Agora, confiava mais em Chu Li; Zhu Feiyang era infantil e ignorante em artes marciais, e Chu Li certamente tinha um motivo para praticar devagar, não desperdiçava tempo à toa.

—Irmão!

—Ah, pegue a flor sobre a mesa e coma.

—Que flor?

—Plantei por diversão, tem um sabor agradável.

—Não está brincando comigo?— Zhao Ying o encarou.

Ela sabia que Chu Li gostava de pregar peças, especialmente com ela, às vezes era frustrante.

Chu Li sorriu treinando:

—É coisa boa, se não comer, vai se arrepender!

—Se eu tiver problemas, vou cobrar de você!— resmungou Zhao Ying.

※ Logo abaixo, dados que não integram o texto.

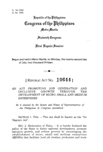 This is the full text of Republic Act No. 10644: “An Act Promoting Job Generation and Inclusive Growth Through the Development of Micro, Small and Medium Enterprises”, otherwise known as the “Go Negosyo Act”. It was enacted into law on 15 July 2014 by His Excellency President Benigno Simeon C. Aquino III.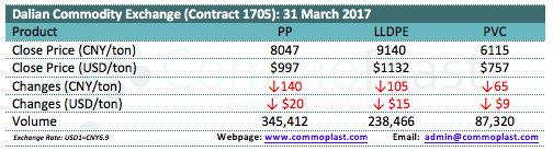Dalian Commodity Exchange: 31 March 2017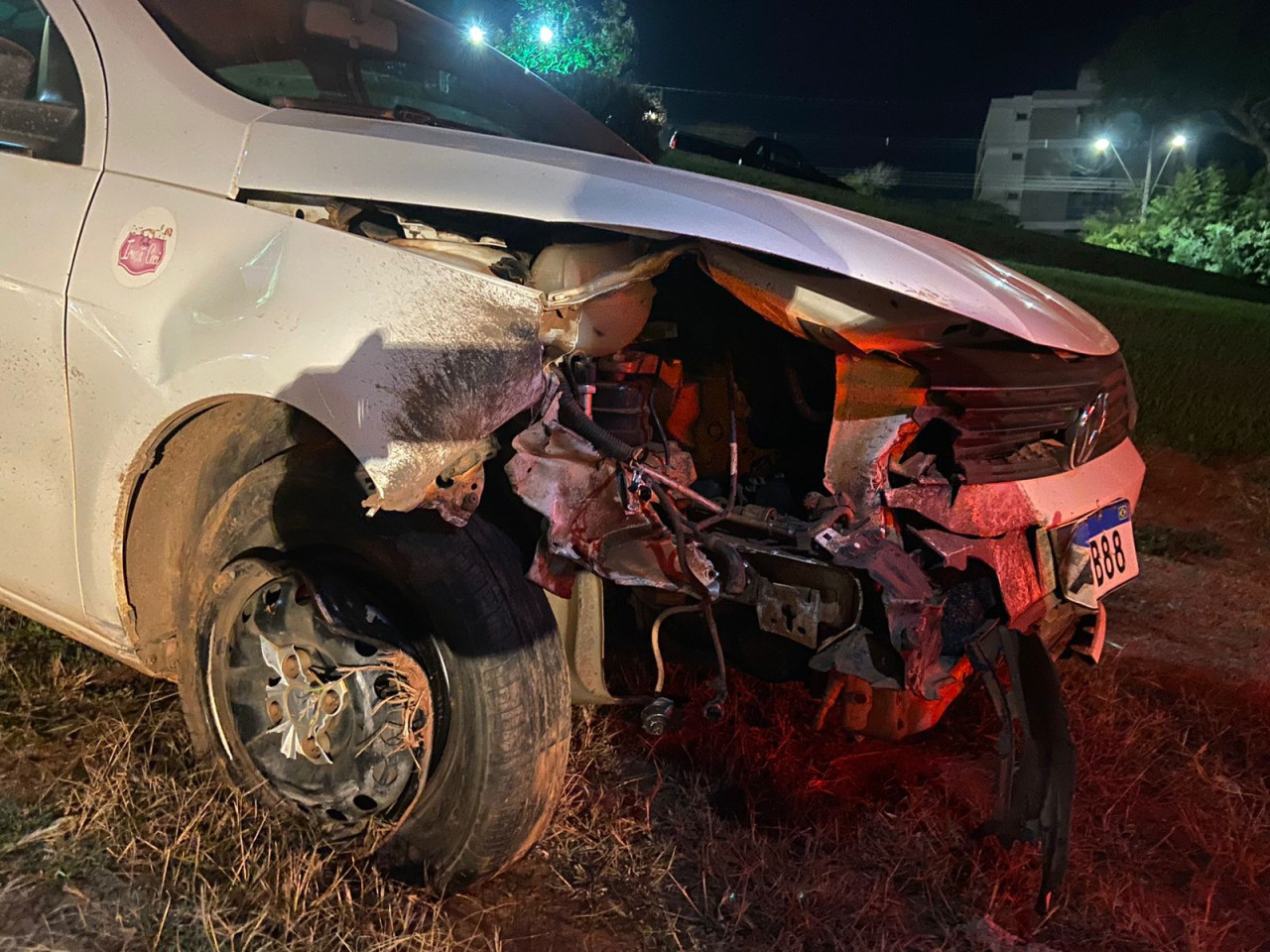 O veículo teve a frente destruída. Apesar do susto, ninguém ficou ferido.

Foi até a mesa de madeira, abriu a caixa, encontrou uma flor translúcida, como uma escultura de gelo, de beleza extraordinária, dava dó de comer.

—Como devo comer?

—Basta arrancar as pétalas e comer, o sabor é excelente.

Zhao Ying olhou desconfiada, mas decidiu experimentar. Colocou uma pétala na boca, sentiu frescor e doçura, descendo suavemente pela garganta, aquecendo o coração. Comeu mais uma pétala.

Quando deu por si, a flor estava devorada; olhou sem graça para Chu Li.

—É a Flor do Sonho, muito benéfica para mulheres.— sorriu ele.

—Qual o efeito?— perguntou Zhao Ying, curiosa.

Não sentiu desconforto, ao contrário, sentiu-se aquecida e confortável.

—Mantém a juventude eterna.— respondeu Chu Li, com um sorriso.